溫南溪抬頭,看著朝她小跑過來的駱夏瑤,忍不住地紅了眼睛。
“怎麼了?”駱夏瑤握住她的手,看著她掌心裡被摳破的傷口,心一下子提了起來。
“是秦晟北跟你說什麼了?他不肯負責嗎?”
她越說越氣,“我去找他,幫你討公道。”
溫南溪拉住了她,“不是,我沒有跟他說。”
駱夏瑤很意外。
溫南溪低垂下眼簾,“我很累了,我們先回去吧。”
駱夏瑤有太多的問題想問,但也知道秦氏大樓門口人來人往,並不是好時機。
上了車,駱夏瑤將溫水遞給她。
溫南溪低頭喝了一口水,溫熱蔓延到胃裡,她卻覺得,越來越冷了。
“南南,秦晟北是不喜歡孩子,所以你才沒說?”駱夏瑤忍不住問道。
溫南溪的眼前一片模糊,她死死地咬著唇,眼淚卻剋制不住地砸落下來。
“到底怎麼了?”駱夏瑤急得也想哭,“你別嚇我啊?”
溫南溪胡亂地搖了搖頭,“不是……都不是,就是……”
“……我不知道該怎麼說。以後,我和秦晟北,不會再有任何交集了。”
駱夏瑤愣了一下,“是不是他欺負你了?”
“不是,和他無關,他很好。”
“那怎麼……”
溫南溪抬起通紅的眼睛,“別問了,好不好?”
她怕,現在她除了去找沈佳悅之外,別無他法。
她不能拿峰峰的命去博感情,她欠了溫蔓雲太多。
何況無論是峰峰,還是養母那邊,都經不起半點變故。
“好,我不問了。

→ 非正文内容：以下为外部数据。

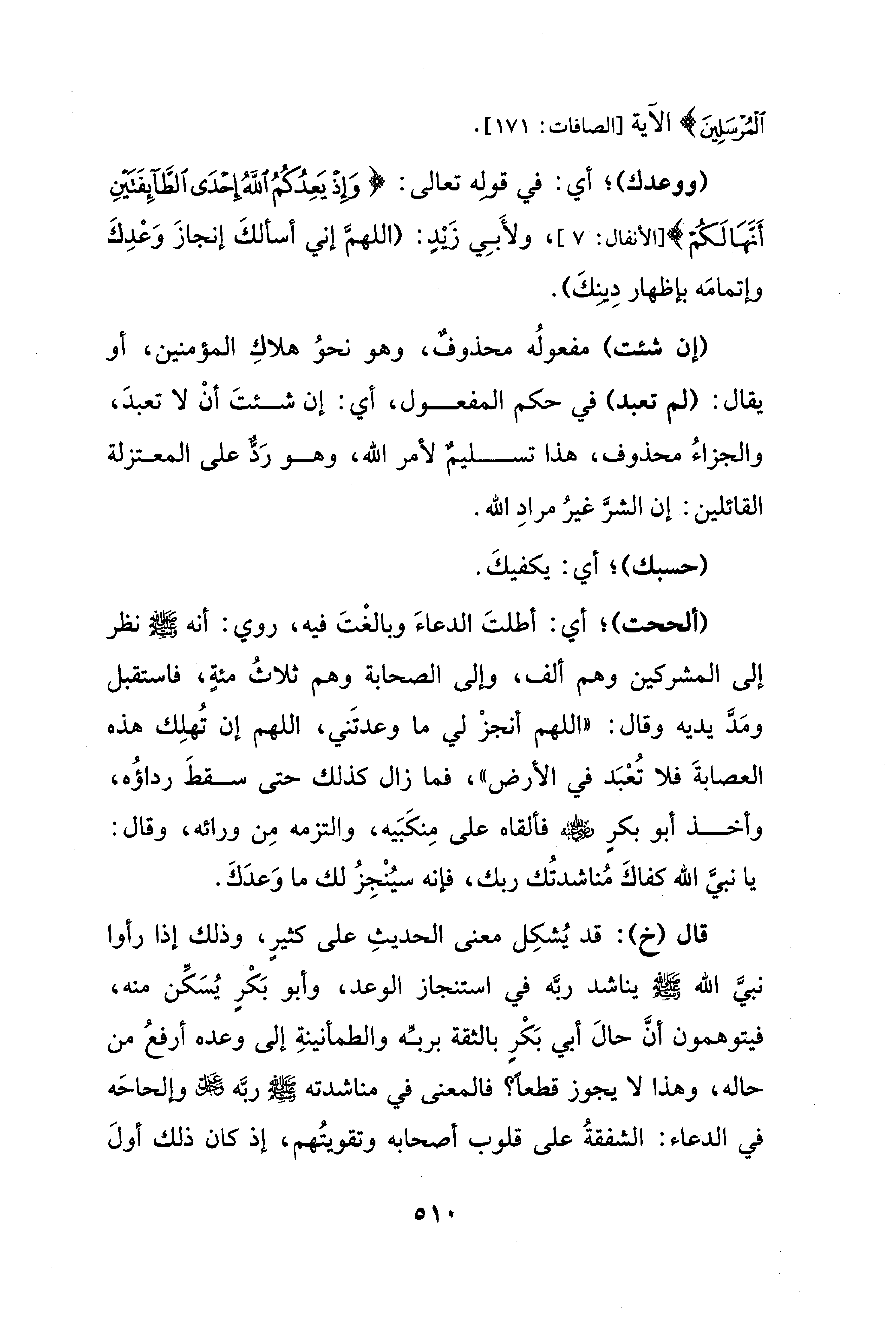 (ووعدك)؛ أي: في قولِه تعالى: {وَإِذْ يَعِدُكُمُ اللَّهُ إِحْدَى الطَّائِفَتَيْنِ أَنَّهَا لَكُمْ} [الأنفال: 7]، ولأَبِي زَيْدٍ: (اللهمَّ إني أسألكَ إنجازَ وَعْدِكَ وإتمامَه بإظهار دِينِكَ).
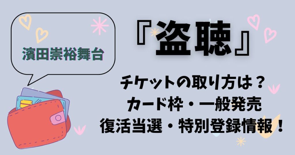 『盗聴』濱田崇裕舞台チケットの取り方は?カード枠・一般発売・復活当選・特別登録情報!
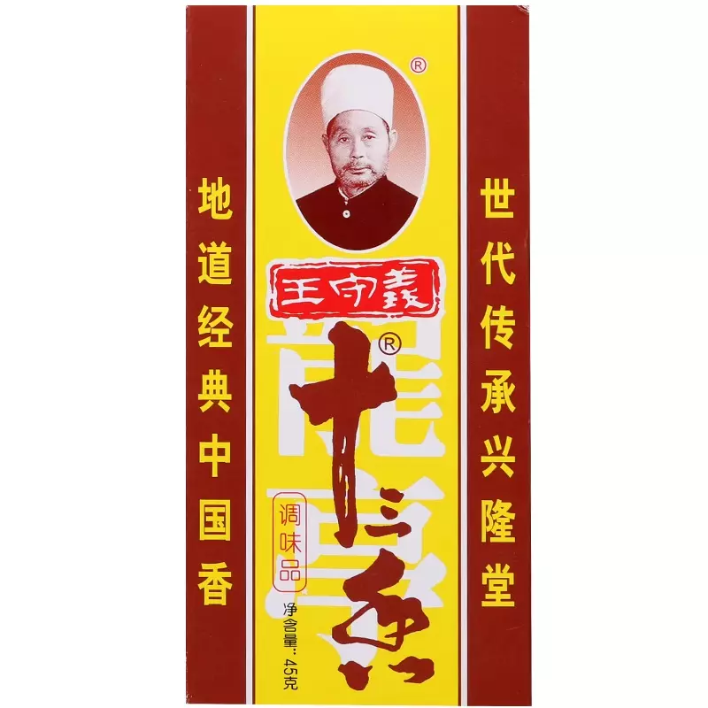 配方5:桂皮45,花椒18,小茴10,八角15,香叶3,干姜5,砂仁3,肉蔻1。

”駱夏瑤憂心忡忡,“那……孩子……”
溫南溪的手放在了肚子上,知道孩子父親是秦晟北之後,她原先的不捨牢牢佔據她的心神。
她和秦晟北可能再無交集,可是孩子……
“我想留住。”
駱夏瑤靜默了片刻,長長地吁了口氣,“留就留吧,多大的一點事,反正還有我,奶粉錢我賺!我們兩個人,還能養不大一個孩子嘛!”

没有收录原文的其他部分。